EXERCISE PROMPT:
Leave out all pictures while you copy the lines exactly from the one with "¼ö°Å·Ã³¸®¸¦ ´çºÎÇϱ⵵ Çß´Ù." through the last line of the listing.

SUPPLIED MATERIAL:
>>
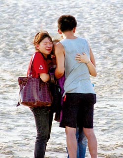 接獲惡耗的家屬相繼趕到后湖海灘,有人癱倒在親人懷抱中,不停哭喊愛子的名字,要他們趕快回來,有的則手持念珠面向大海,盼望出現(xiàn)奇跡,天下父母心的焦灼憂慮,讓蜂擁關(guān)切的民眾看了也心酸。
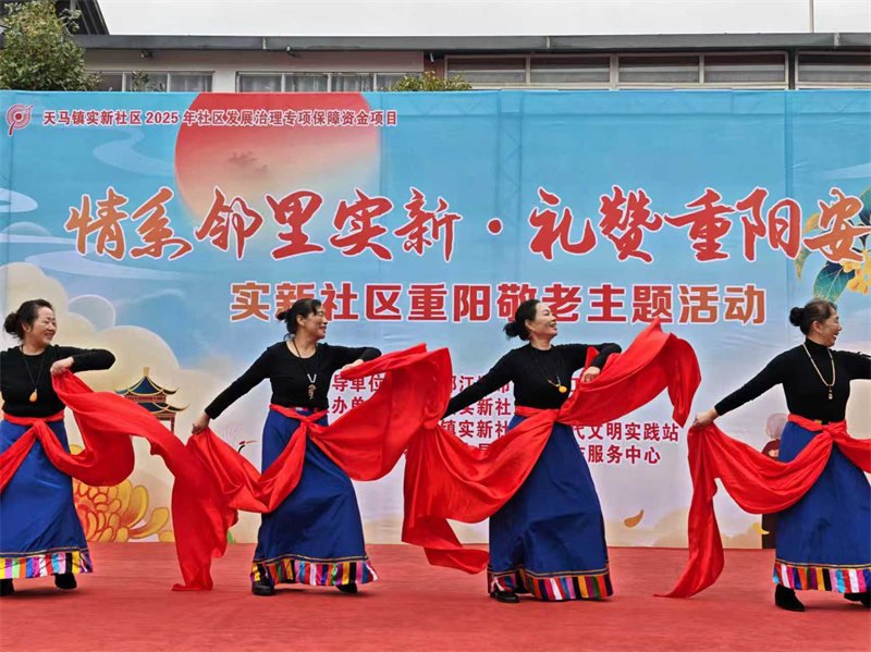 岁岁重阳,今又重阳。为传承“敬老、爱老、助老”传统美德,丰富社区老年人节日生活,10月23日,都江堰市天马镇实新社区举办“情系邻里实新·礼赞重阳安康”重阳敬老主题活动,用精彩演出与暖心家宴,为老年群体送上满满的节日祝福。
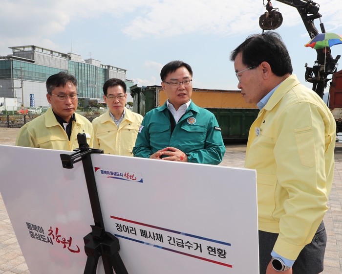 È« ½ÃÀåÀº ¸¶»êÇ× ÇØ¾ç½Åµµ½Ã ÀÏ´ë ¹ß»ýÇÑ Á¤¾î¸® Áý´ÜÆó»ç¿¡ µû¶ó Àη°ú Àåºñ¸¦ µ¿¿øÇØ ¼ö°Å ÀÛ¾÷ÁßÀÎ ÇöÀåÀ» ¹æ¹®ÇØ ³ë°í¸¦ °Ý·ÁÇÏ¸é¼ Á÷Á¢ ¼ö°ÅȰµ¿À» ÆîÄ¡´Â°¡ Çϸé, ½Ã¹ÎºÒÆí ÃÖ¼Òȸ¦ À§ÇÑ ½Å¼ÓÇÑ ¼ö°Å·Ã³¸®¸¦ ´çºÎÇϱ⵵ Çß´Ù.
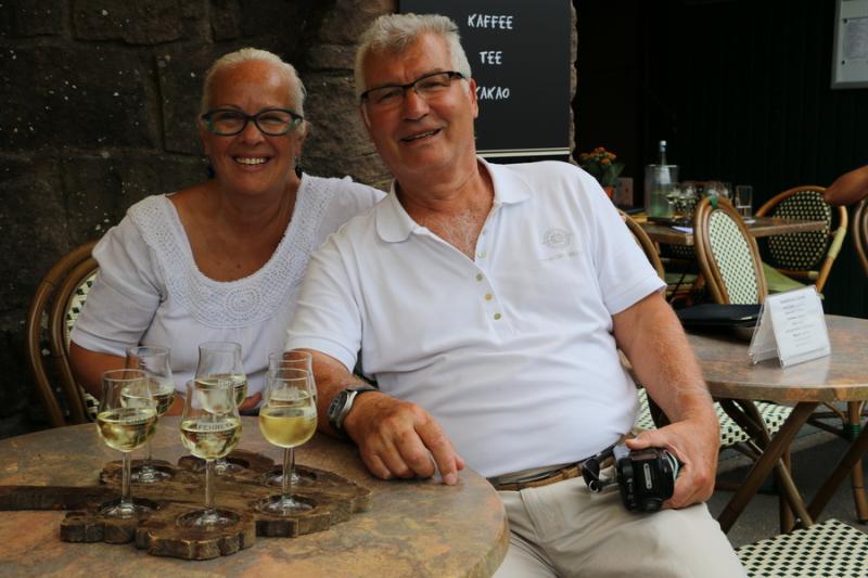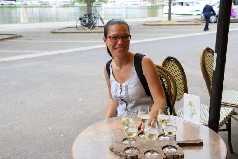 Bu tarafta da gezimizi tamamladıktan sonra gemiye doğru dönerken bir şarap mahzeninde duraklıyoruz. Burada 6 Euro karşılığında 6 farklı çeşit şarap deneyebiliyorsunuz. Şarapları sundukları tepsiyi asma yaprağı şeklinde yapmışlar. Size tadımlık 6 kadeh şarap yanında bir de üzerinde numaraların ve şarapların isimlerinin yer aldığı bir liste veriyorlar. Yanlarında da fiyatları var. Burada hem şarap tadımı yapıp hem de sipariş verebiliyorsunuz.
<<
RESULT OF THIS EXERCISE:
 È« ½ÃÀåÀº ¸¶»êÇ× ÇØ¾ç½Åµµ½Ã ÀÏ´ë ¹ß»ýÇÑ Á¤¾î¸® Áý´ÜÆó»ç¿¡ µû¶ó Àη°ú Àåºñ¸¦ µ¿¿øÇØ ¼ö°Å ÀÛ¾÷ÁßÀÎ ÇöÀåÀ» ¹æ¹®ÇØ ³ë°í¸¦ °Ý·ÁÇÏ¸é¼ Á÷Á¢ ¼ö°ÅȰµ¿À» ÆîÄ¡´Â°¡ Çϸé, ½Ã¹ÎºÒÆí ÃÖ¼Òȸ¦ À§ÇÑ ½Å¼ÓÇÑ ¼ö°Å·Ã³¸®¸¦ ´çºÎÇϱ⵵ Çß´Ù.
 Bu tarafta da gezimizi tamamladıktan sonra gemiye doğru dönerken bir şarap mahzeninde duraklıyoruz. Burada 6 Euro karşılığında 6 farklı çeşit şarap deneyebiliyorsunuz. Şarapları sundukları tepsiyi asma yaprağı şeklinde yapmışlar. Size tadımlık 6 kadeh şarap yanında bir de üzerinde numaraların ve şarapların isimlerinin yer aldığı bir liste veriyorlar. Yanlarında da fiyatları var. Burada hem şarap tadımı yapıp hem de sipariş verebiliyorsunuz.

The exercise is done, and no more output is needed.